That is what I mean by the Latin code block is the only one 
comes out of the filter at the end.  I think you are more fair at 
recognizing the current discussion direction.

> 
> I think the WG believes that there are three options, and that
> most of its members has eliminated the third from consideration:
> 
> 	(a) Use Nameprep, or something very much like it, which
> 	deals with mappings that are complete (i.e., there is no
> 	controversy about them and no need for examination of
> 	surrounding characters, other context, or language
> 	information to do them properly) and which excludes
> 	characters that are problematic in any context in which
> 	they appear.

I think Nameprep can be extented for a parallel processing 
fashion.  Thus Latin is done, and leave other code blocks open
to be handled by their seperated preprocessing routines.
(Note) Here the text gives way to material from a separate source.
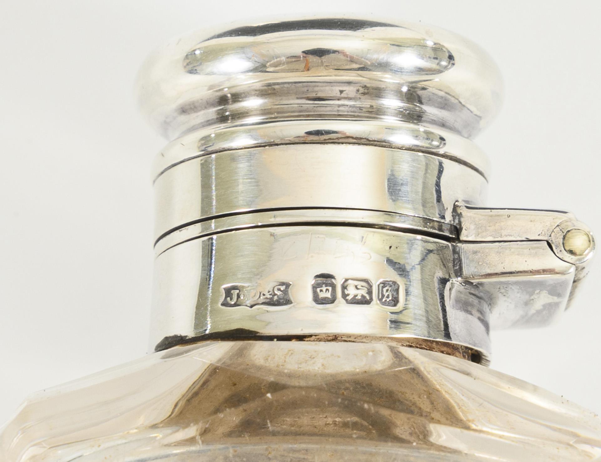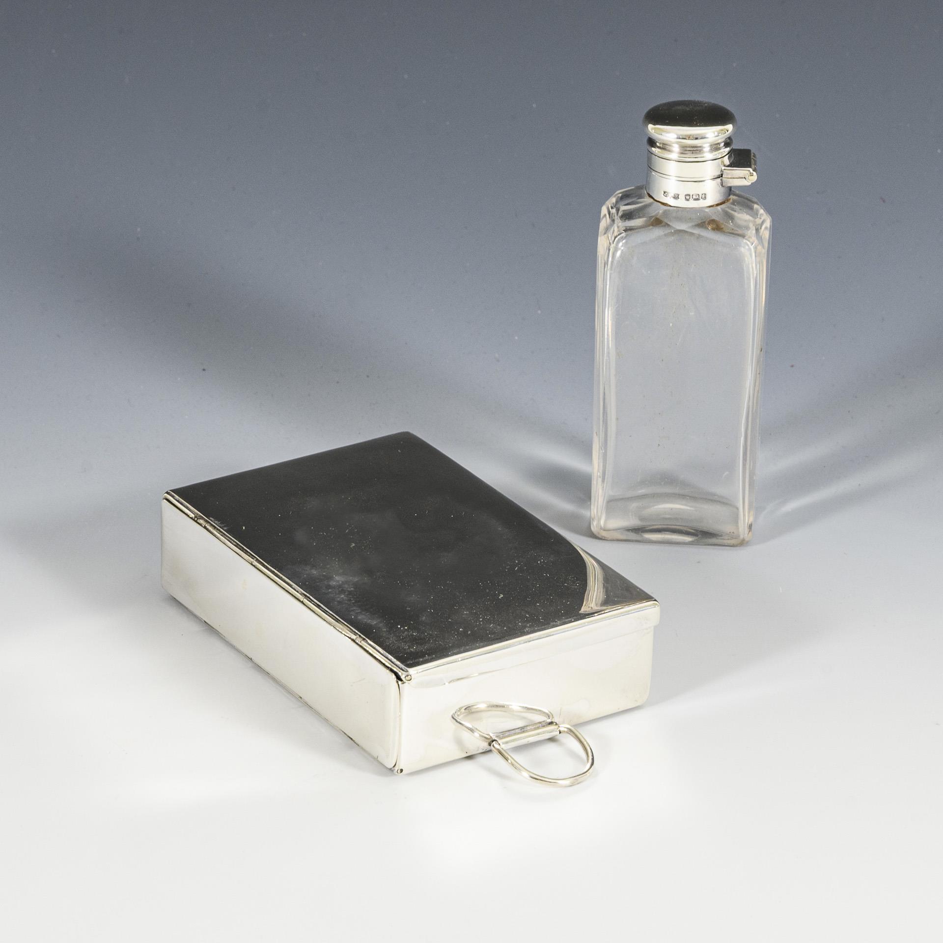 Jagd-Set mit glatter Silberdose (263 g) und Glasfäschchen mit Silberdeckel. Gebrauchsspuren.

> 	(b) Adopt a very strict "identifier" rule in which
> 	nameprep becomes unnecessary: characters from the
> 	permitted repertoire can be intermixed in any way,
> 	without restrictions, comparisons are made on those
> 	characters only, and the users will somehow learn to
> 	cope with the results.

This has to be used to sequencialize each script group. Thus,
it appears to users that it is a complete, 100% solution at Layer
3, but in IDN they are very strict "identifiers".

> 	
> 	(c) Give it up, keep text labels in the DNS restricted
> 	to the LDH rules, and do _all_ internationalization
> 	"somewhere else".

Yes, this is what I am arguing for. 


> > If you consider IDN is a part of DNS, then the CDN group 
> > say "NO, NO, NO" with force for you and the WG to raise 
> > eyeballs.   And I hope they have accomplished it with 
> > all their protests.
> 
> I fear not.  Many of us were fully aware of the problems, and
> very concerned about them, before now, and even before Salt Lake
> City.    For some of us, the protests have been successful only
> in taking up time that should have gone into the "above DNS"
> work.  For others, they have distracted from the effort to
> carefully review and adjust the details of what nameprep should
> be doing in areas where it can constitute a nearly-100%
> solution. And, as I have suggested above and elsewhere, they
> have led many people to the conclusion (whether correct or
> incorrect) that the real goal of the CDNC protest was to disrupt
> the work of the WG without offering real alternatives or a way
> forward.
> 
> > If you consider IDN is above DNS then you are agreeing 
> > with CDN group. 
> 
> As I trust you know, I have been suggesting that much critical
> IDN work will have to be done "above DNS" since before either
> the WG or MINC got started.  But to agree on that principle does
> not necessarily imply agreement on details of what the WG should
> do.
> 
> > If you admit that you are not an expert in dealing with 
> > Han charaters processing then you should give a good 
> > and hard study regarding what they have been saying 
> > all along.
> > 
> > If you are understand what Xiang Deng is saying then 
> > don't introduce political arguements.  It doesn't help the 
> > communication at all. 
> 
> I didn't raise any political arguments in the note of mine that
> you quoted, nor did I use that word.  "Policy" issues and
> decisions are another matter entirely.   And, while I assume
> neither you nor Xiang Deng did so either, I didn't set off the
> letter-writing campaign.
> 
> regards,
>     john

I think the last part of our conversation shows the difference
resulted from previous technical issues.  I shall be silent 
to futher them.

Regards,

Liana